Время шло, а тут и поползли по городу грязные сплетни. Жена одного капитана I ранга, старая сплетница, стала рассказывать, что до неё дошли слухи, будто бы Икс подозревает Игрека в краже. Игрек встал на дыбы. Подал заявление в суд чести, требуя назначения дуэли. Однако суд чести по недоказанности обвинения дуэль отклонил. Город раскололся на две партии. Партия Икса оказалась более влиятельной, так как Икс приходился флаг-капитану свояком, и флаг-капитан был заинтересован, чтобы инцидент разрешился в пользу Икса. С минного заградителя Икс, конечно, был списан. Уже зима была в разгаре, а, кроме сплетен и слухов, по существу, ничего не было. Игрек прямо сатанел. Он был из хорошей донской фамилии. Семья его имела трагическую репутацию. Один брат был убит на дуэли, и другой был застрелен в офицерском собрании на почве ревности. Оставался он и ещё один брат. Игрек везде говорил, что если дуэль не состоится, то он Икса убьёт, и в то же время, что в такого негодяя, как Икс, он на дуэли стрелять не будет, а выстрелит в воздух. Этим словам, к сожалению, не верили – они только служили пикантной приправой к сплетням. А флаг-капитан, в свою очередь, тоже действовал, и в один из понедельников на пароход «Олег» явился Икс с чемоданом, чтобы отправиться в Константинополь. Об этом знал весь город, знал, конечно, и Игрек. И вот за час до отхода парохода является туда Игрек и, не говоря ни слова, подходит к Иксу и даёт ему пощёчину. А ведь он был атлет, и публичная пощёчина была так сильна, что Икс упал и покатился по трапу вниз. Скандал принимал уже мрачный характер. Драма назревала, сплетни росли, как снежный ком, но начальство мер не принимало, и суд чести дуэль опять не назначил, а дело передал в совет флагманов и капитанов, который выразил Игреку порицание за самоуправство – подразумевалась дача пощёчины. Это было второй ошибкой.

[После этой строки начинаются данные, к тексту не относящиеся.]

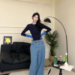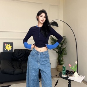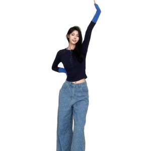 【人棉】撞色拼接长袖T恤女早秋2025新款修身设计感小众打底

Тут был втянут и я в эту историю. Запиской Икс просил меня зайти к нему. Я сразу подумал о дуэли и, конечно, пошёл. Оба печальные герои были оплёваны – один пощёчиной, а другой – сплетнями. Партия Икса говорила, что Игрек разгульный парень, кутила, растакуэр, как говорят про таких англичане, и, быть может, действительно украл деньги, которые как в воду канули. Партия же Игрека утверждала, что кражи денег вовсе не было, а Икс просто спрятал деньги до поры до времени, с искусством инсценируя кражу.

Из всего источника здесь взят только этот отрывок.